> Exercise
The expected answer is the data below, printed verbatim without its pictures.

> Dataset section
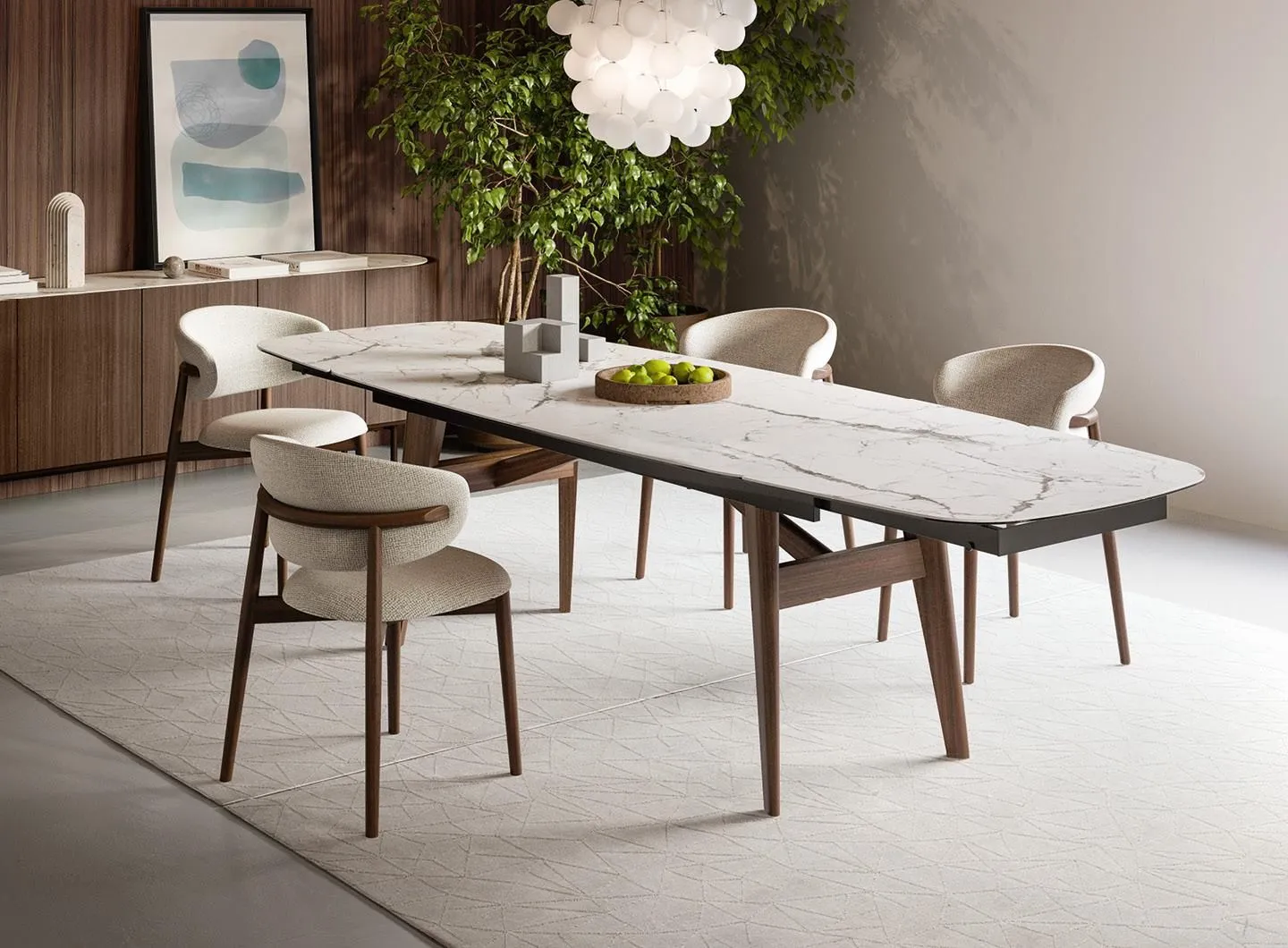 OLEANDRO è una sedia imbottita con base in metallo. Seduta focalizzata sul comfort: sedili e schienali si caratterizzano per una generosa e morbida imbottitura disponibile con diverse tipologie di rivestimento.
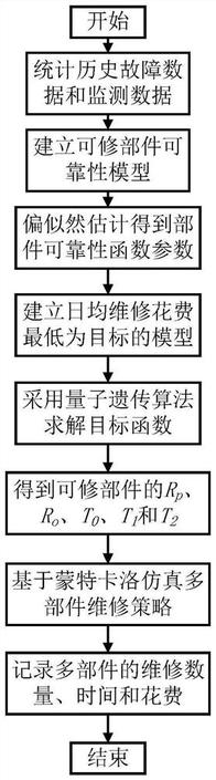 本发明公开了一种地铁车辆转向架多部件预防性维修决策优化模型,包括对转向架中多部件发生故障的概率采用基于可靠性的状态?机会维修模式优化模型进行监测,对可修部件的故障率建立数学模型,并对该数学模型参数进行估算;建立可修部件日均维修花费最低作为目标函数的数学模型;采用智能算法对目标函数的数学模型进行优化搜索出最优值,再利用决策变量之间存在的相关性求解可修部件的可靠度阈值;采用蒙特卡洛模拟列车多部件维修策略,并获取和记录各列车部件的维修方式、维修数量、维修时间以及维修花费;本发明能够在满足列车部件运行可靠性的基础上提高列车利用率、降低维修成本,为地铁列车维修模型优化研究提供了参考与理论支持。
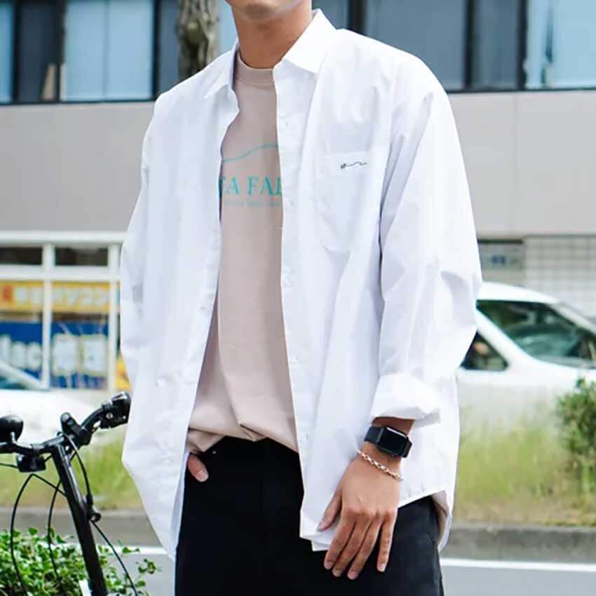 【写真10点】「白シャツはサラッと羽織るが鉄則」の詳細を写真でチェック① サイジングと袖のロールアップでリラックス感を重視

> Answer to this task
 OLEANDRO è una sedia imbottita con base in metallo. Seduta focalizzata sul comfort: sedili e schienali si caratterizzano per una generosa e morbida imbottitura disponibile con diverse tipologie di rivestimento.
 本发明公开了一种地铁车辆转向架多部件预防性维修决策优化模型,包括对转向架中多部件发生故障的概率采用基于可靠性的状态?机会维修模式优化模型进行监测,对可修部件的故障率建立数学模型,并对该数学模型参数进行估算;建立可修部件日均维修花费最低作为目标函数的数学模型;采用智能算法对目标函数的数学模型进行优化搜索出最优值,再利用决策变量之间存在的相关性求解可修部件的可靠度阈值;采用蒙特卡洛模拟列车多部件维修策略,并获取和记录各列车部件的维修方式、维修数量、维修时间以及维修花费;本发明能够在满足列车部件运行可靠性的基础上提高列车利用率、降低维修成本,为地铁列车维修模型优化研究提供了参考与理论支持。
 【写真10点】「白シャツはサラッと羽織るが鉄則」の詳細を写真でチェック① サイジングと袖のロールアップでリラックス感を重視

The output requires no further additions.